Much of this comes down to critical thinking, “just improving people’s understanding,” Liao says. “For example, you might have photos that are real but out of context, or photos that are clearly manipulated, or signs and evidence of manipulation within a photo. Can you be a little bit more critical of the things that are being shown to you?”

Overall, “students need to be able to spot the difference between a fake image and a nonfake image, or to spot which one is the more reliable source,” Liao says.

Best Practices for Implementing a Digital Media Literacy Course

It makes sense to ground a digital media literacy effort with a primer on how AI itself operates. Students need to understand how AI works “before they can even know what is or is not possible with AI,” Liao says.

With that in mind, “we try to teach them about the various tools that you might have for image creation, for AI video creation, for large language models. We unpack that a little bit: Here’s how the AI is doing that. Here are the sources that the AI is working with.”
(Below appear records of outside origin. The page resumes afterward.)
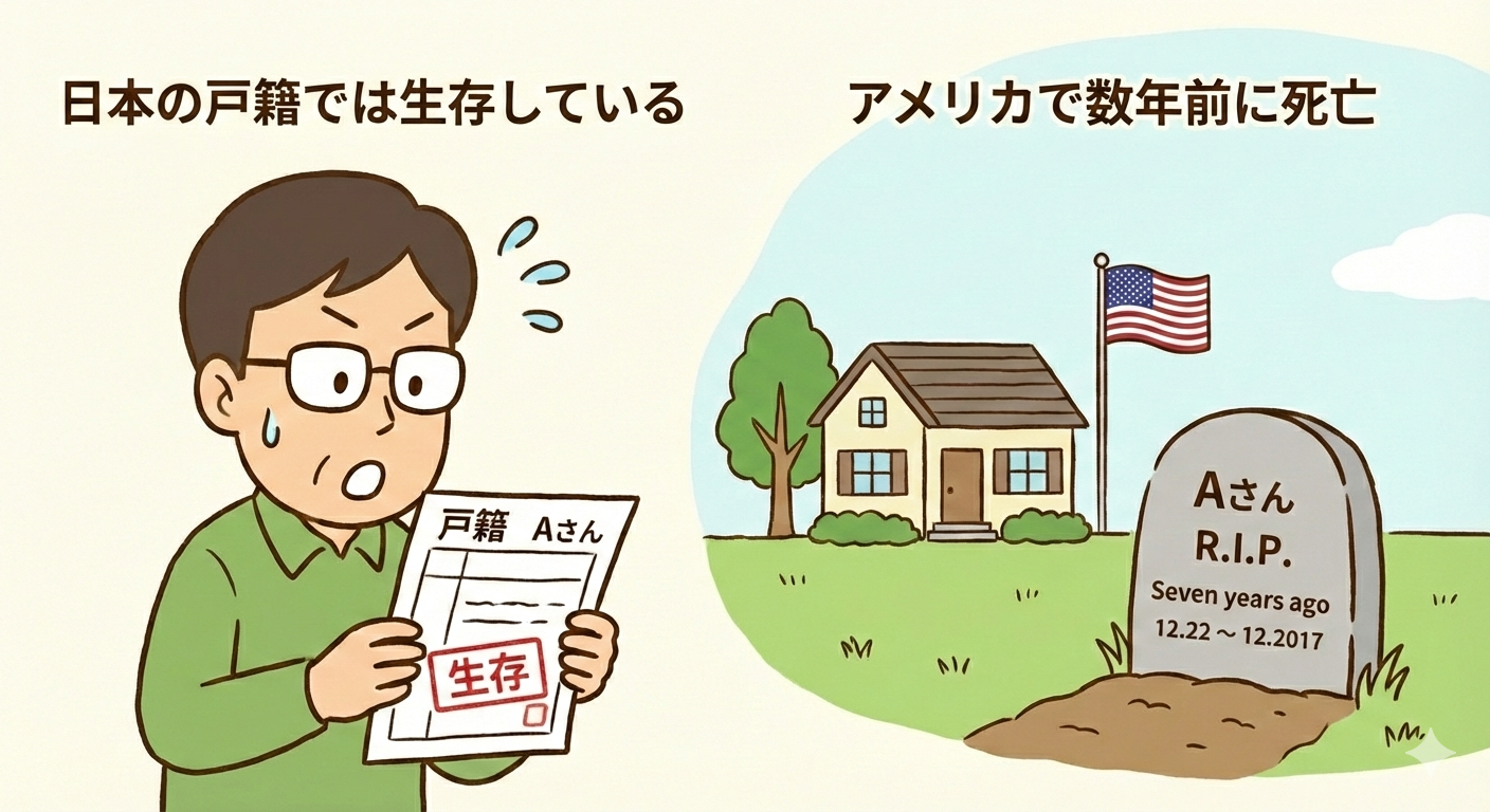 これは、アメリカで亡くなった事実が、日本の役所(領事館や本籍地)に届け出られていなかったために起こる現象です。
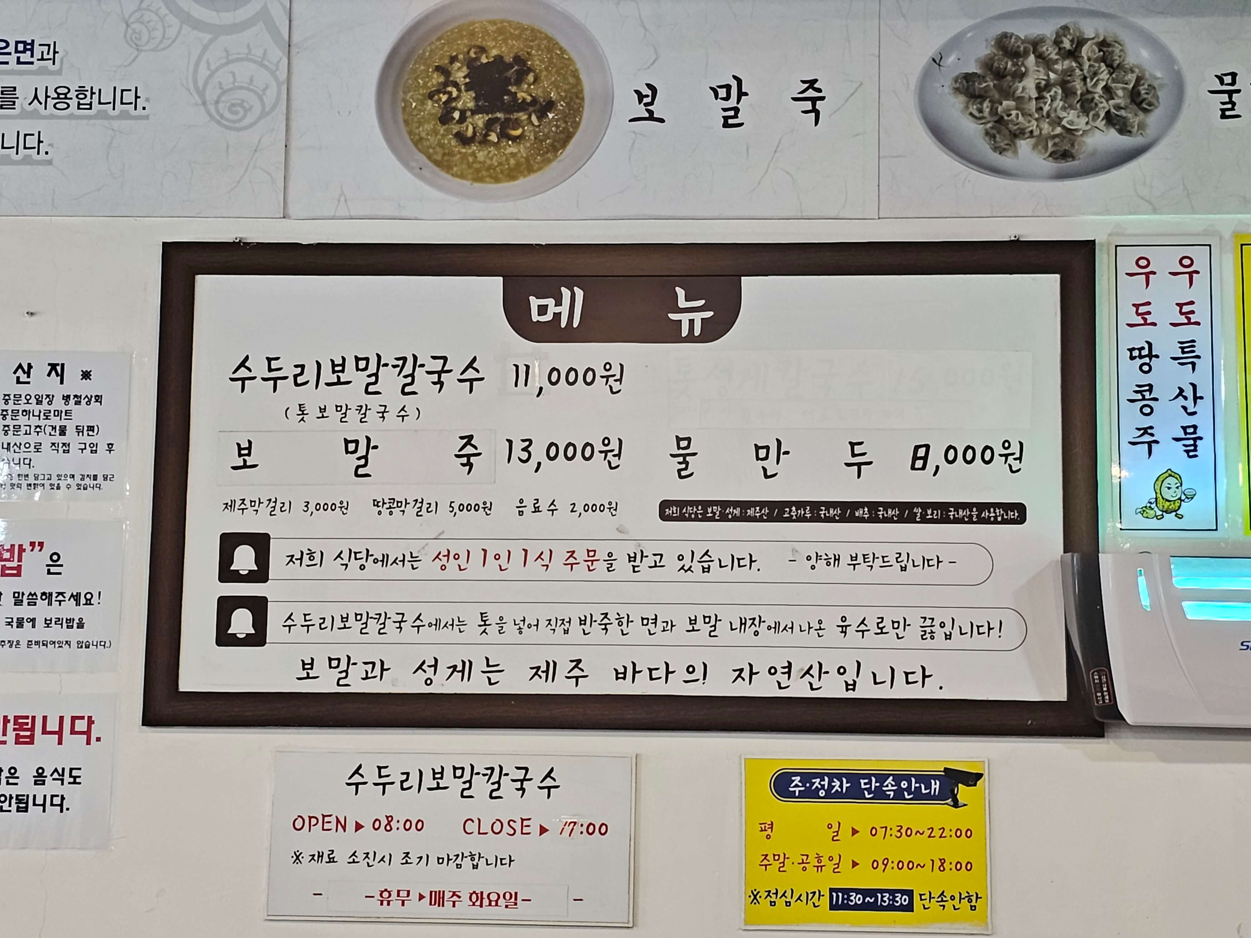 주차장이 따로 없습니다. 매장 내에 주·정차 가능한 구간 안내가 있고 단속되어도 책임지지 않는다는 문구가 있습니다. 지도에 빨간색으로 표시된 부분 골목에 요령껏 주차하시면 됩니다. 골목길 쭉 내려가시면 중문 향토 오일시장이 있고 더 내려가면 중문동 재활용도움센터에 주차장이 있습니다. 저희는 재활용도움센터 주차장에 주차하고 조금 걸어 올라갔습니다. 올라가는 길에 중문보말칼국수라고 푯말이 있어 지름길인 줄 알고 갔더니 다른 집이었습니다. 살짝 당황했지만 양해를 구하고 나와서 '중문수두리보말칼국수'로 향했습니다. 주변에 보말칼국수집이 몇 군데 있으니 중간에 낚이지 말고 잘 찾아가야 합니다.
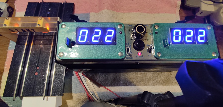 K autodráze jsem postavil elektroniku s počítáním kol pomocí fotobuňek. Ovládač měl tyto funkce:
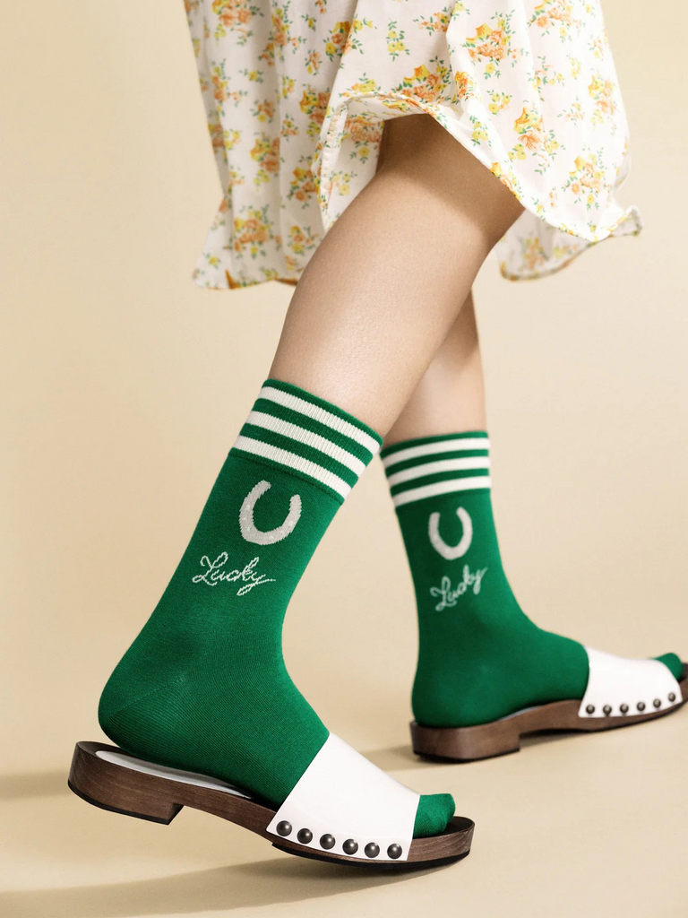 Feel the luck on your feet! These Kelly green socks feature sporty stripes at the cuff and a lucky horseshoe charm to bring you good vibes all day long.
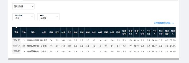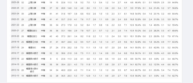 在福建男籃生涯的後八個賽季,王哲林更是有6個賽季常規賽,全部以首發身份出戰。所以不止新秀第一年就是球隊老大,他算是每個賽季都是球隊核心。王哲林也不負眾望,在福建隊書寫了“出道即巔峰”的職業生涯開篇,新秀賽季便交出場均20.3分12.9籃板的兩雙數據。
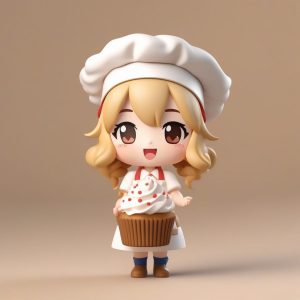 AI art prompt English:Minimalist Anime Chibi Girl: Pink Astronaut Blind Box Clay Figure 3D Render
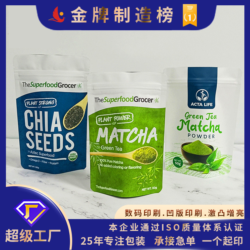 アルミ箔自立自封袋カスタム純アルミチャック袋抹茶粉ココア粉包装袋茶葉袋オーダー
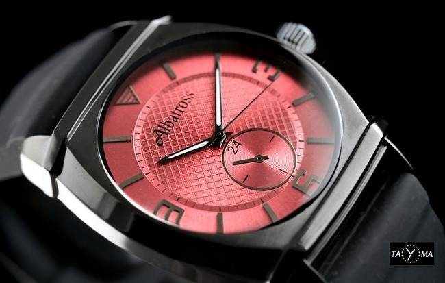 Pasek i koperta w kolorze czarnym, tarcza w kolorze łososiowym
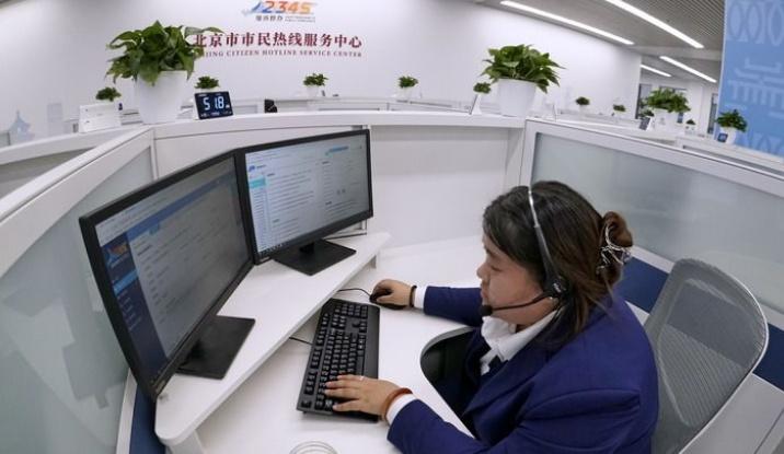12月15日,24小时工作制的北京市市民热线服务中心。新华社记者李欣摄

Schools can then go on to forge a rubric that helps define the way students encounter digital data.

“It’s about creating a framework that students can use to assess the information that is flooding at them,” Hogan says. “Who’s giving you the information? Why are they giving you the information? What do they want you to take from it? And how did they get their information?”

A clearly defined framework can help students ask the right questions as they look to make sense of digital information.